The realization that bowing to what is creates a way to let go of the anger or upset about circumstances is helpful. It still provides me with questions about the purpose of letting go of those feelings. For example, if something negative happened like the death of a child, how does letting go of the feelings of anger or sadness really help? The life circumstance cannot be changed yet do the feelings not serve a purpose? If that child was killed in street violence, for example, do not the anger and outrage actually serve a purpose—to work to change the situation that created it?
If human beings all bow to what is there might be a lessening of violence because acts of revenge for past hurts would not happen. On the other hand, what about social justice, rights of the oppressed, etc.? No one would spend time working for those causes because they had chosen to bow to what is, to let go of the negative emotions attached to the situations.
In standing in that scalloped circle at the center of the labyrinth, bowing to what is, was I being true to myself?
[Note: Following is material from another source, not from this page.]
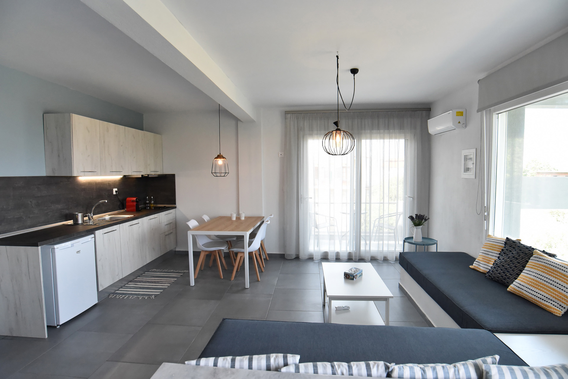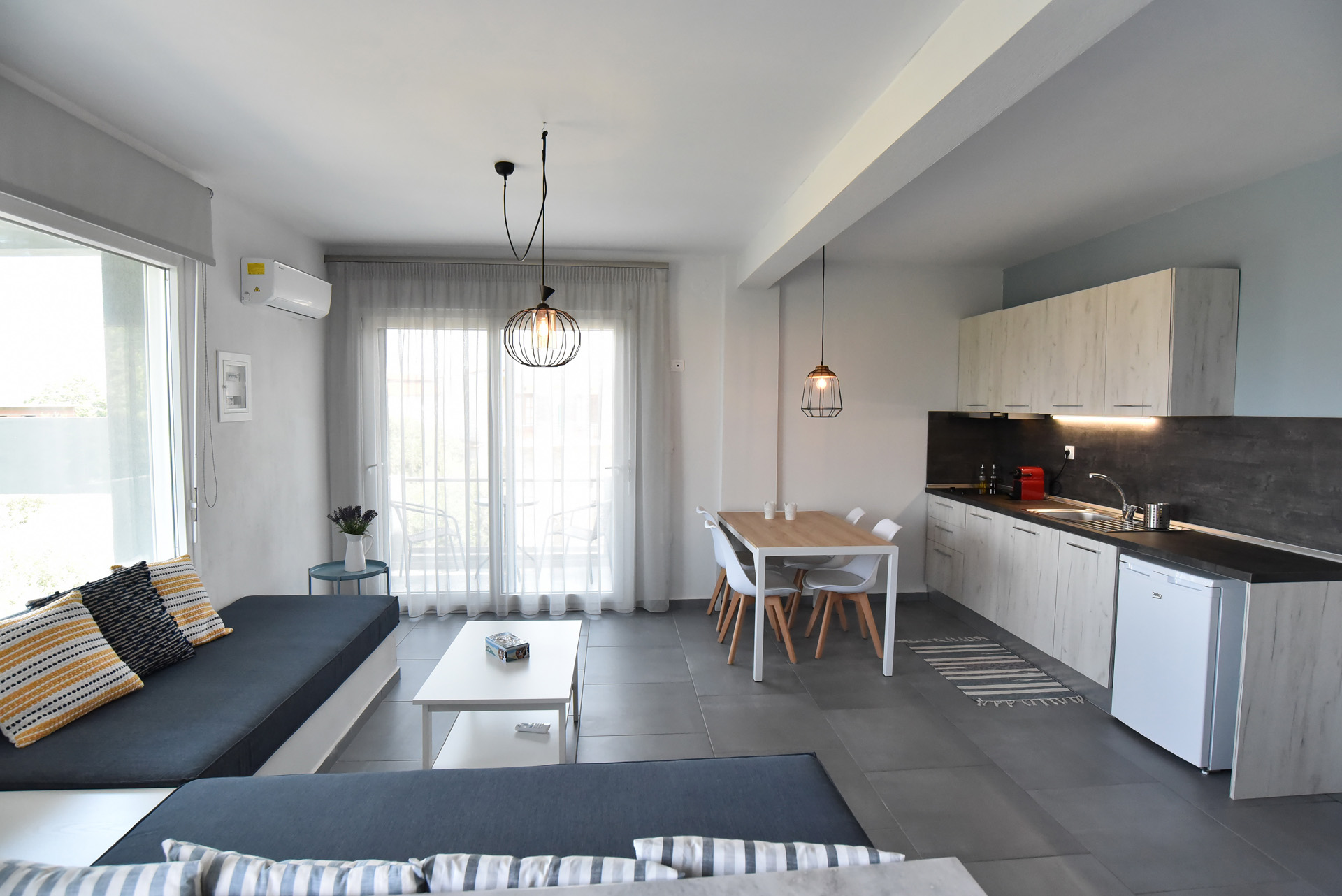 - Τα διαμερίσματα βρίσκονται 150 μέτρα από τη θάλασσα και στο κέντρο του χωριού Σκάλα Καλλιράχη, Θάσου.
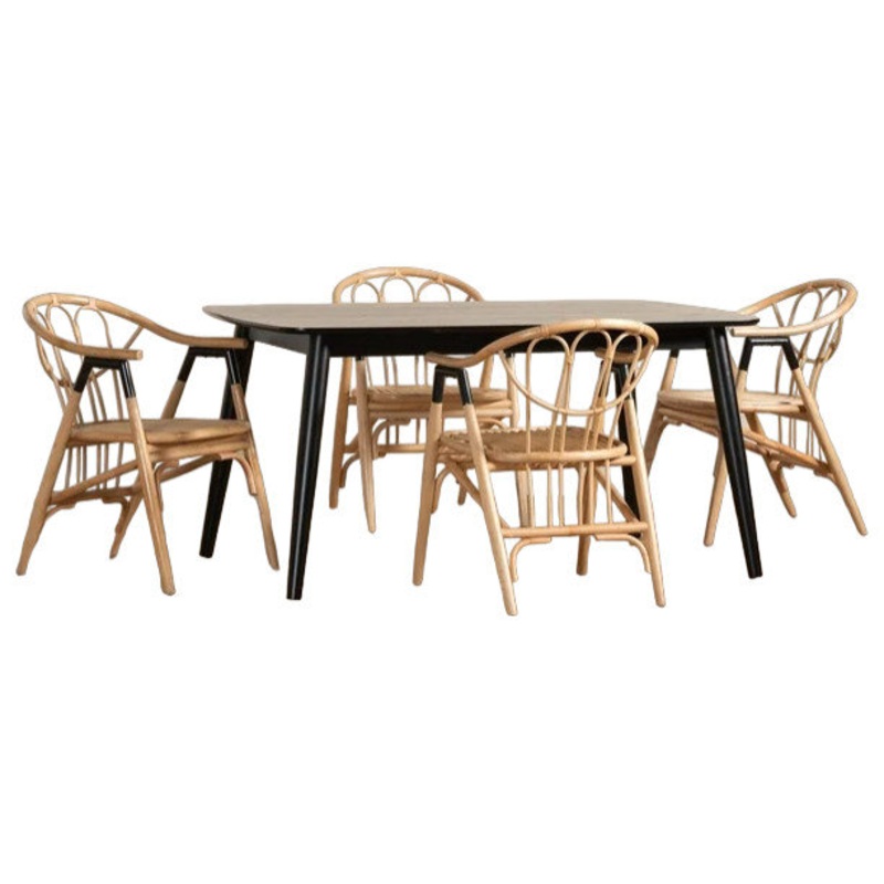 -This bohemian set includes four chairs and one table. -Each chair is handcrafted from natural rattan and is fitted with convenient armrests to encourage casual relaxation. -Constructed from Rubber Wood, Engineered Wood, Natural Rattan, and Metal -Overall

Did that one act of momentary acceptance create a different neural pathway in my brain, did it allow me to view the world and my life differently? My immediate response would be no, yet something did shift, if only momentarily. I stood listening to the dry, brown leaves blow in the wind and realized that in a sense we all blow in the winds of life. Just a moment of change, but there were possibilities in that moment.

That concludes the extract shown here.